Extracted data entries
____________________

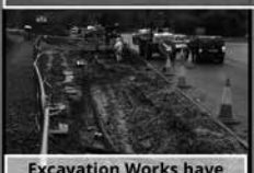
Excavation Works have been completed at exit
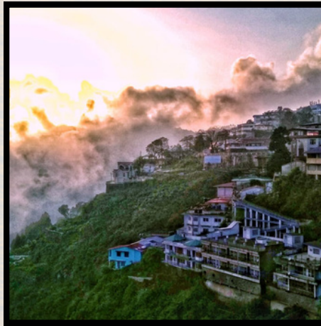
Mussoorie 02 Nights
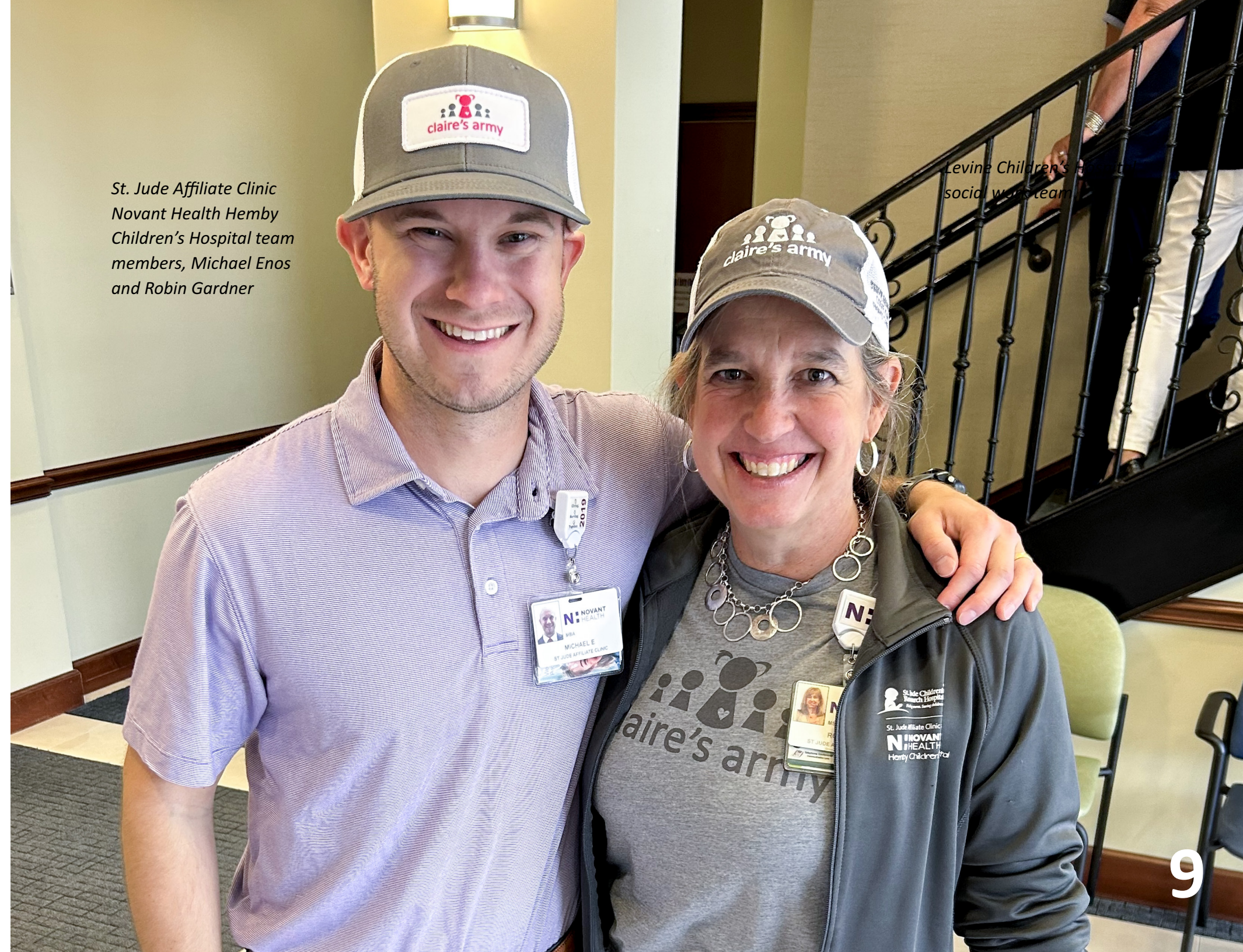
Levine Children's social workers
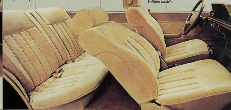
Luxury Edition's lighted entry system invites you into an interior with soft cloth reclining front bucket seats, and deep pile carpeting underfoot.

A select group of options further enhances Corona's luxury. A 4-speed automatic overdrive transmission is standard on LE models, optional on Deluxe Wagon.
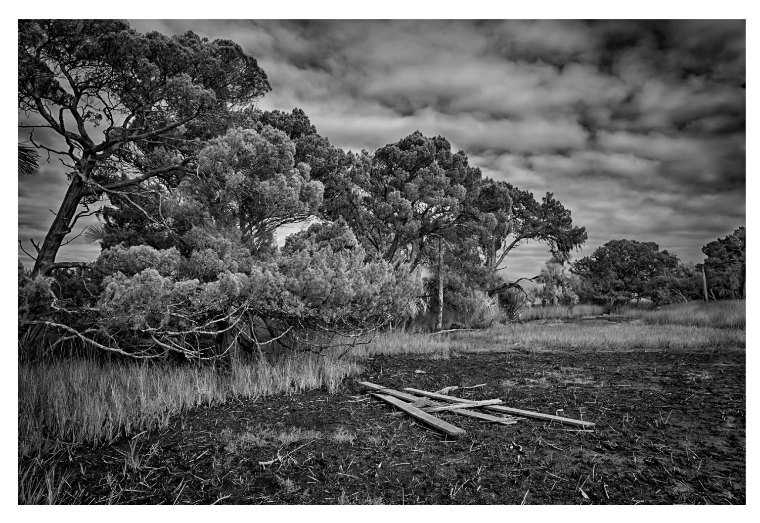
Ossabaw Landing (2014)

____________________

- Directions
Repeat the entries exactly, pictures left out.

- Answer to the exercise
Excavation Works have been completed at exit
Mussoorie 02 Nights
Levine Children's social workers
Luxury Edition's lighted entry system invites you into an interior with soft cloth reclining front bucket seats, and deep pile carpeting underfoot.

A select group of options further enhances Corona's luxury. A 4-speed automatic overdrive transmission is standard on LE models, optional on Deluxe Wagon.
Ossabaw Landing (2014)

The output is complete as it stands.